Given records:
——
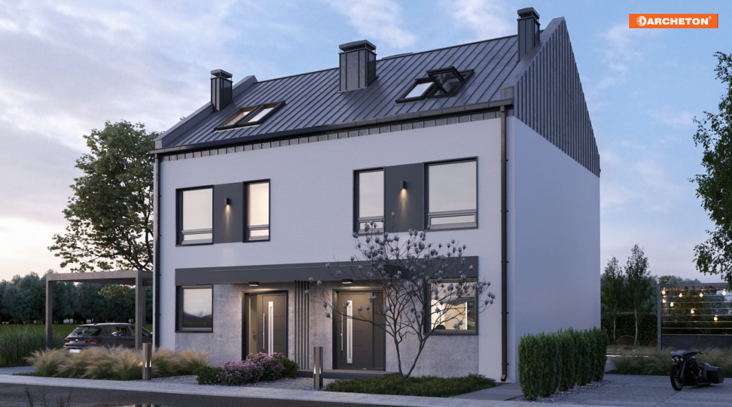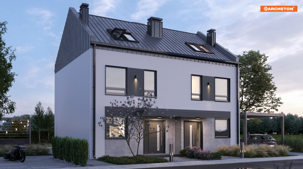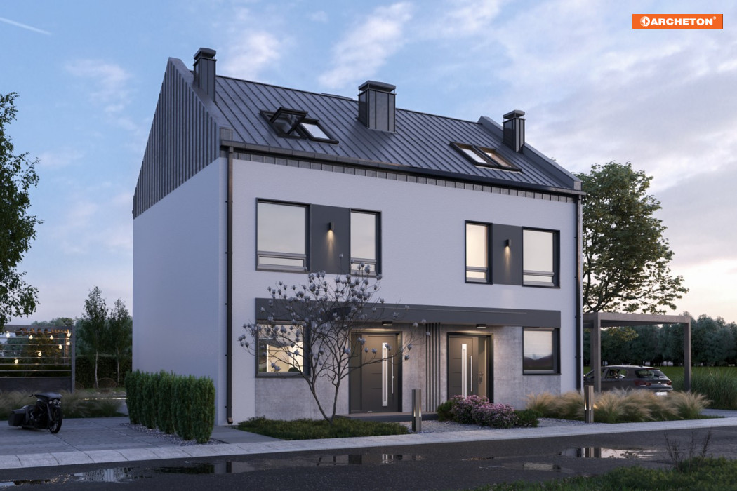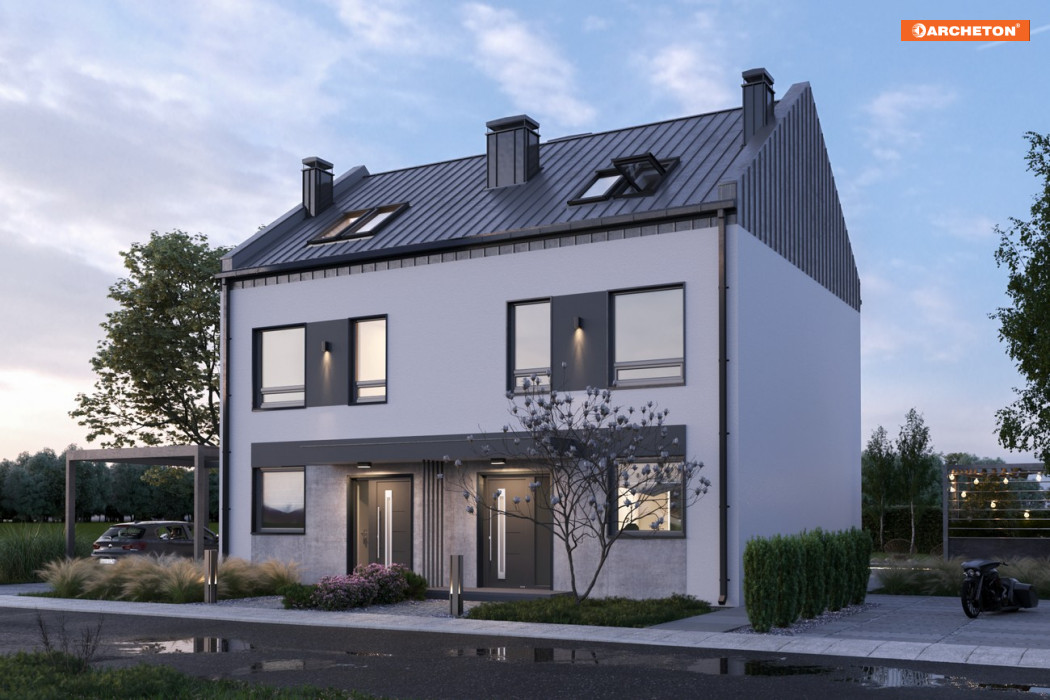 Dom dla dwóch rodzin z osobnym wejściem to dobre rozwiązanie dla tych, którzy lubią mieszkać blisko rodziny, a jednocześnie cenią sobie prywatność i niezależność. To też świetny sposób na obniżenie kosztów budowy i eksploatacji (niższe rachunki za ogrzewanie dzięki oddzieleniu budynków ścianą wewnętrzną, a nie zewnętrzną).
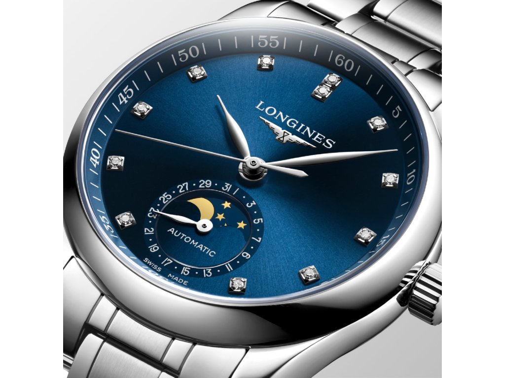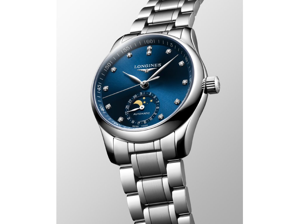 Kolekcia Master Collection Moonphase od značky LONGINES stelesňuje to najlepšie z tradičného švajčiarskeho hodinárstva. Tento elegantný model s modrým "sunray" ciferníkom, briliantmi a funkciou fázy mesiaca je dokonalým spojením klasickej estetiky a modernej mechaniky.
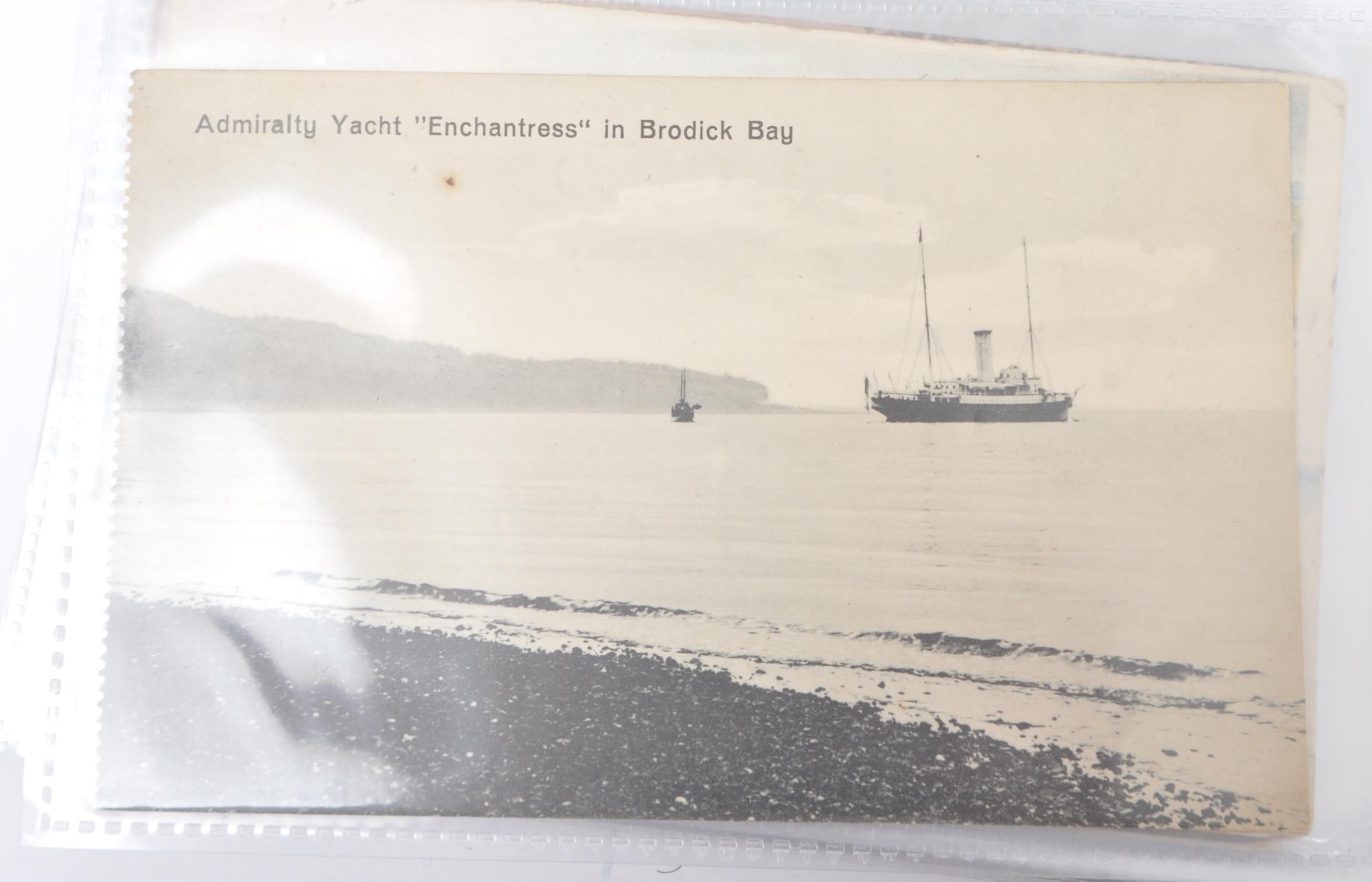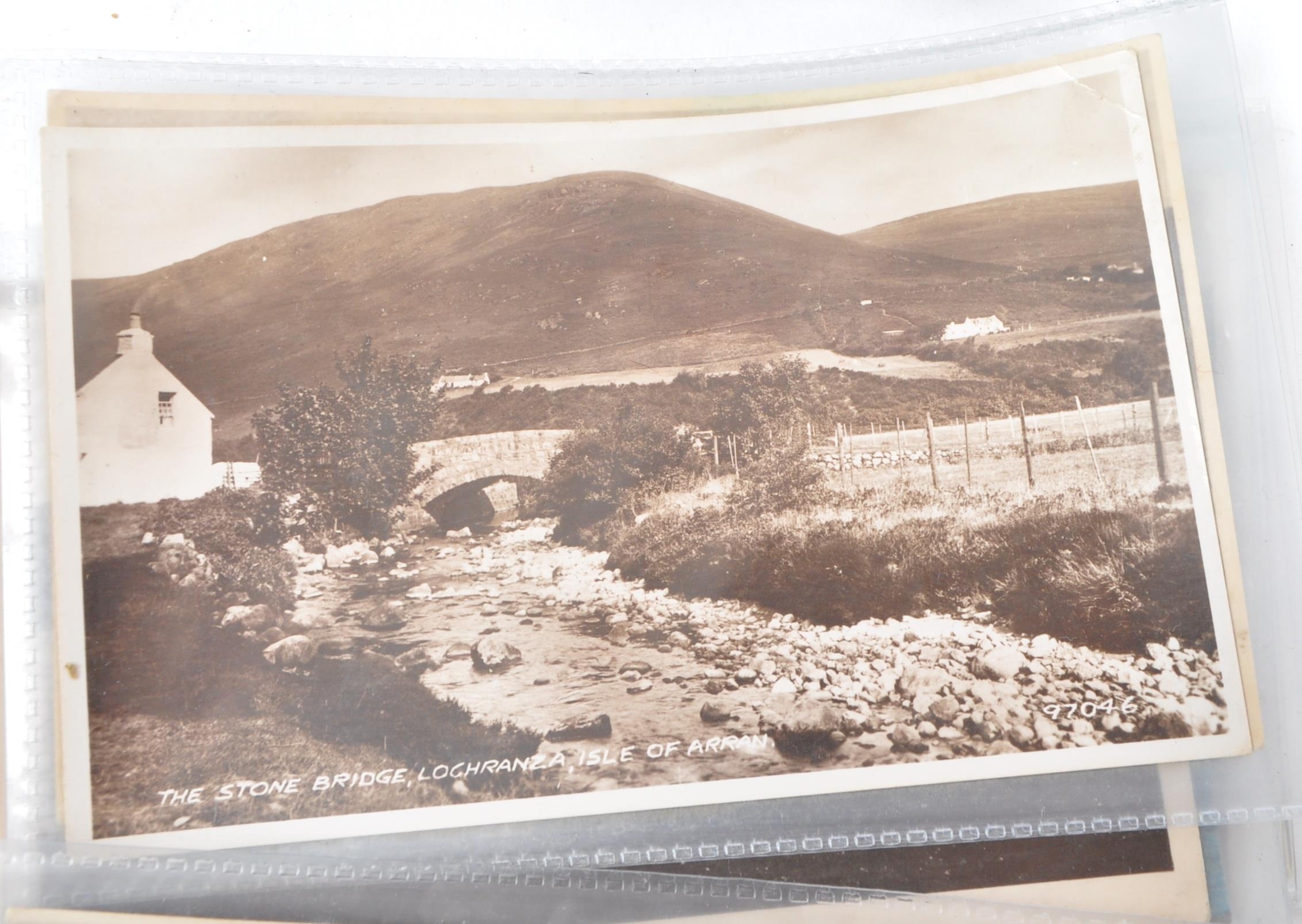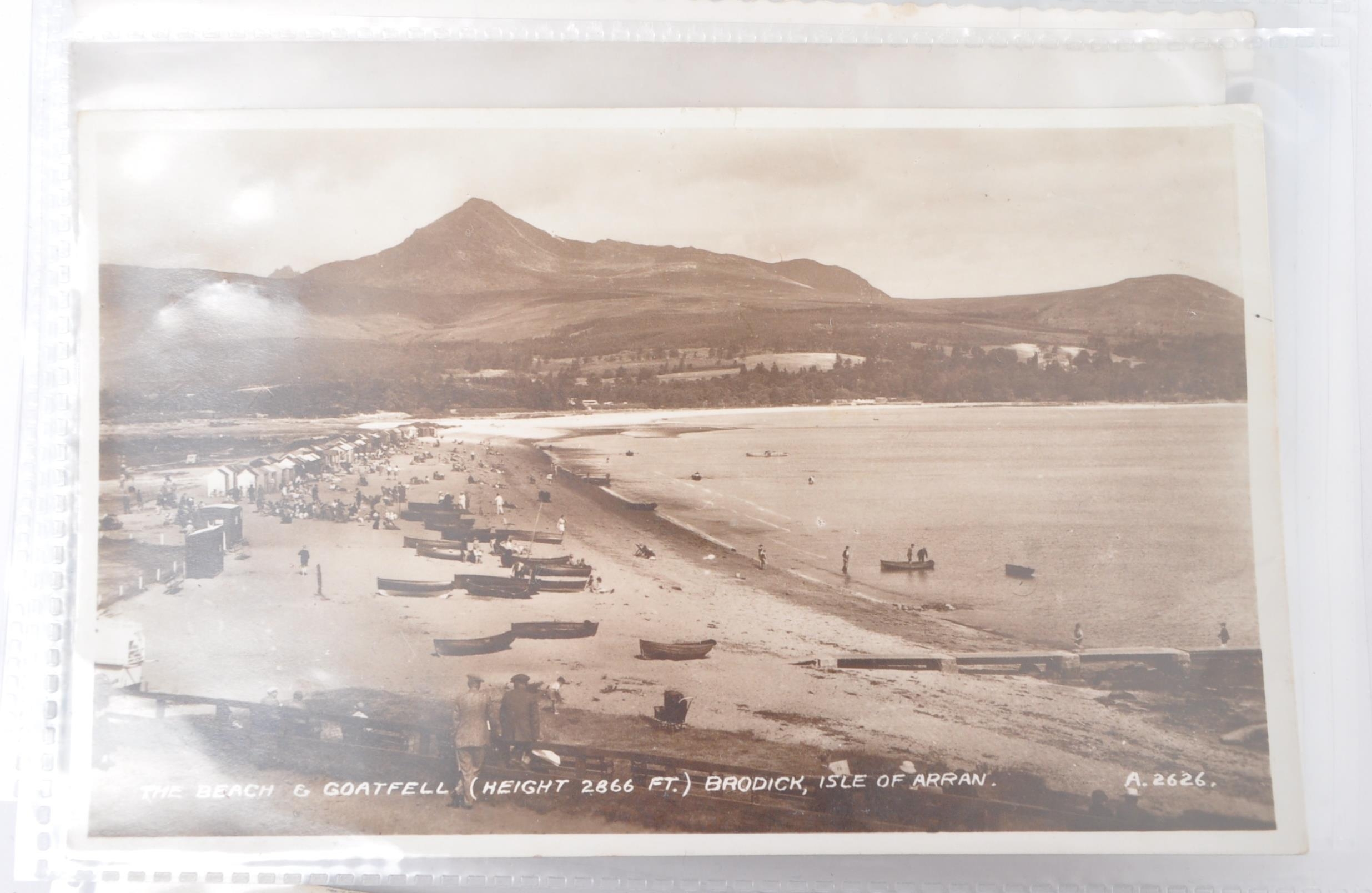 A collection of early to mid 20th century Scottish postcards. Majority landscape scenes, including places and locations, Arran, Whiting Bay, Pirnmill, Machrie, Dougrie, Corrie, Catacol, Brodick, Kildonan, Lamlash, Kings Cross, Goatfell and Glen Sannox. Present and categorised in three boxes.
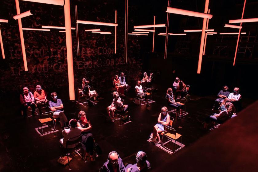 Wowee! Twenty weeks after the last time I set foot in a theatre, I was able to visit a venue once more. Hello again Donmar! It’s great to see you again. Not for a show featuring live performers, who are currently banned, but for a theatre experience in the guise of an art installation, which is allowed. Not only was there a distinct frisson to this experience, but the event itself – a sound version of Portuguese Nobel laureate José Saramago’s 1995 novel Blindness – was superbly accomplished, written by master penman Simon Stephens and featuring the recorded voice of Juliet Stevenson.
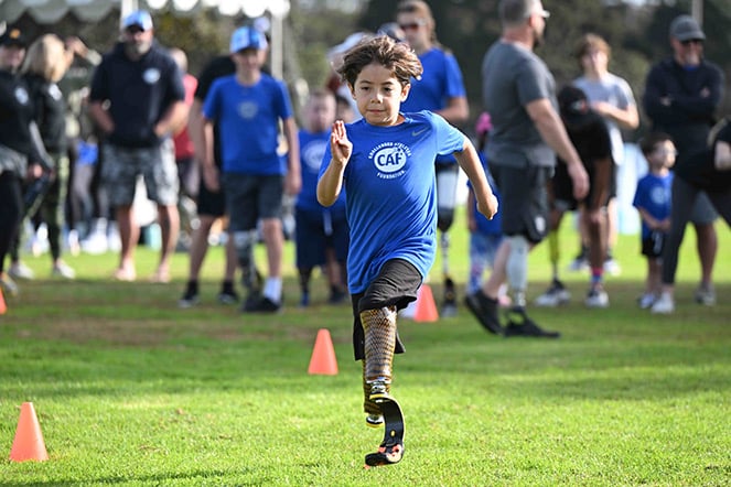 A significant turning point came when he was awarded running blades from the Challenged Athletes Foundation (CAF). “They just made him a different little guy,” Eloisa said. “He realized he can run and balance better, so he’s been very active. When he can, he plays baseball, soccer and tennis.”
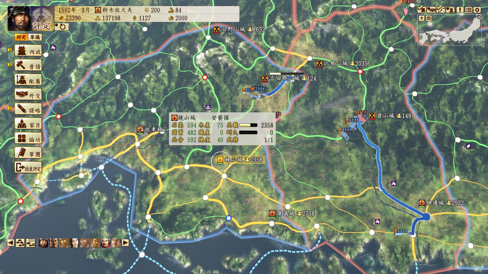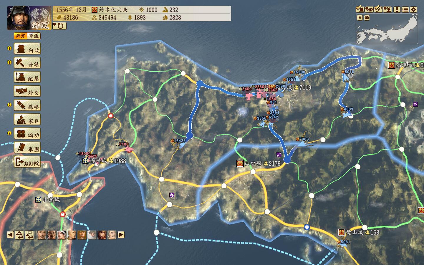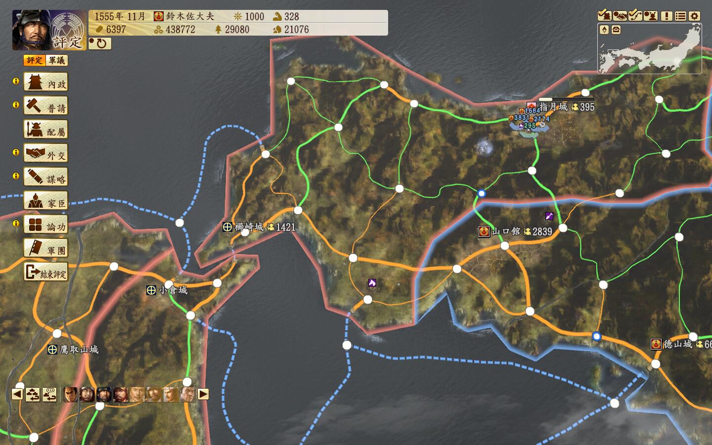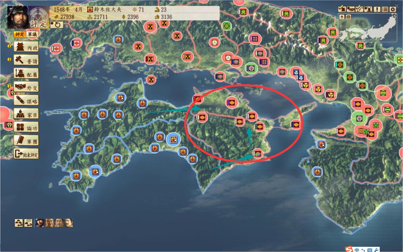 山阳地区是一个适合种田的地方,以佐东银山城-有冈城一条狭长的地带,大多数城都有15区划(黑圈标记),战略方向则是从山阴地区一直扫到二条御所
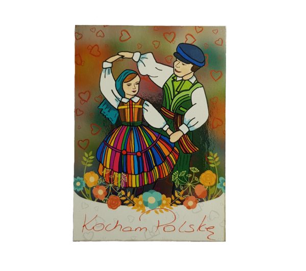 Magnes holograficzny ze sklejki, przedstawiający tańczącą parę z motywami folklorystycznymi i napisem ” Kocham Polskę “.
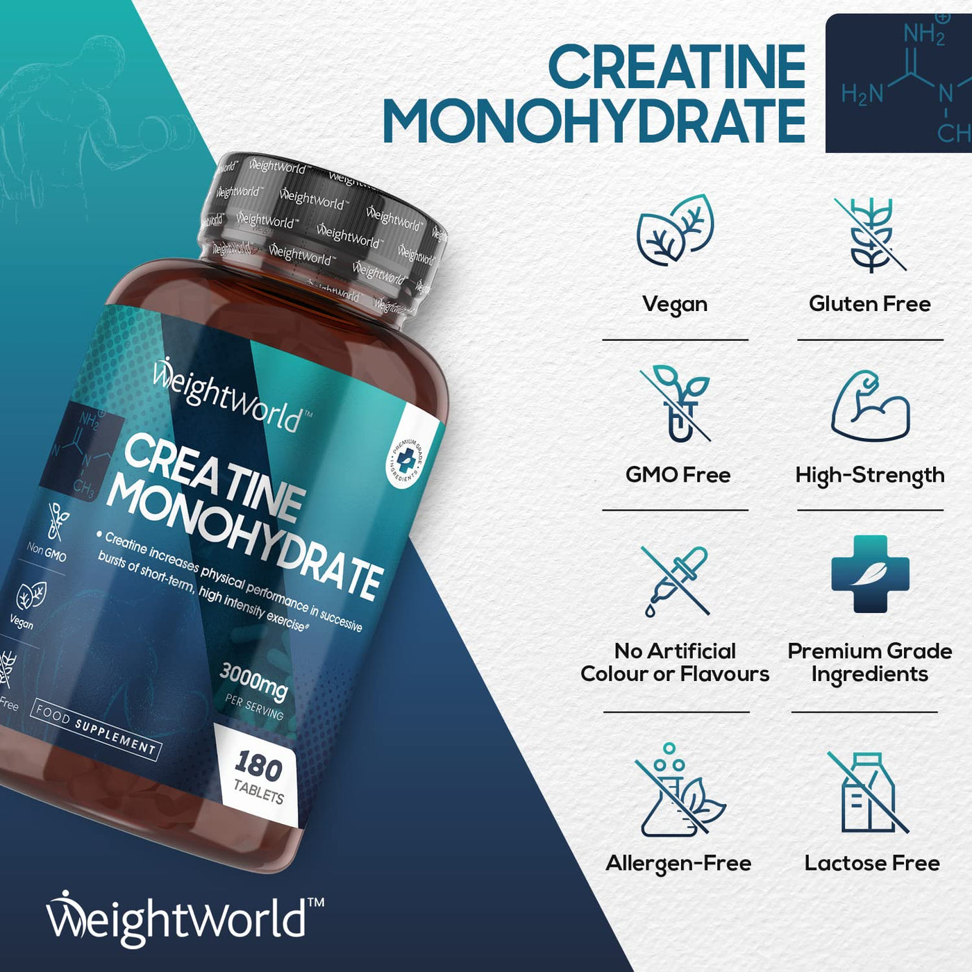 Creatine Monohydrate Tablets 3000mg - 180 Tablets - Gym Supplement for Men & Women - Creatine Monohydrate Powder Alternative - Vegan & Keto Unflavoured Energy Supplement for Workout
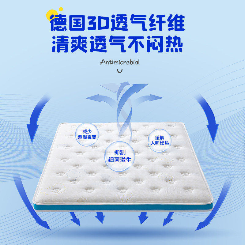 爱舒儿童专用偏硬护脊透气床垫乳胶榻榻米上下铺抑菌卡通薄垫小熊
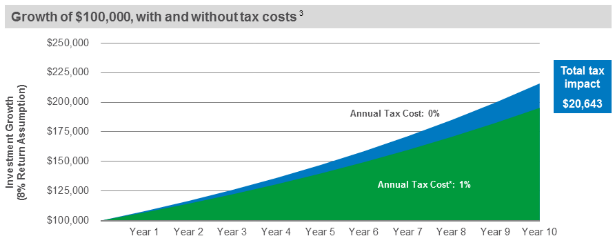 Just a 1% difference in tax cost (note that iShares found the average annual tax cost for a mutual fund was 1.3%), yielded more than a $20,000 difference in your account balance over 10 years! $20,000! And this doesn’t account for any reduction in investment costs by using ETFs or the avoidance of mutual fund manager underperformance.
——
Directions for this task:
Would you retype the lines from the line containing "A significant turning" to the final line of the entries above, exactly as given and without pictures?

Response below:
 A significant turning point came when he was awarded running blades from the Challenged Athletes Foundation (CAF). “They just made him a different little guy,” Eloisa said. “He realized he can run and balance better, so he’s been very active. When he can, he plays baseball, soccer and tennis.”
 山阳地区是一个适合种田的地方,以佐东银山城-有冈城一条狭长的地带,大多数城都有15区划(黑圈标记),战略方向则是从山阴地区一直扫到二条御所
 Magnes holograficzny ze sklejki, przedstawiający tańczącą parę z motywami folklorystycznymi i napisem ” Kocham Polskę “.
 Creatine Monohydrate Tablets 3000mg - 180 Tablets - Gym Supplement for Men & Women - Creatine Monohydrate Powder Alternative - Vegan & Keto Unflavoured Energy Supplement for Workout
 爱舒儿童专用偏硬护脊透气床垫乳胶榻榻米上下铺抑菌卡通薄垫小熊
 Just a 1% difference in tax cost (note that iShares found the average annual tax cost for a mutual fund was 1.3%), yielded more than a $20,000 difference in your account balance over 10 years! $20,000! And this doesn’t account for any reduction in investment costs by using ETFs or the avoidance of mutual fund manager underperformance.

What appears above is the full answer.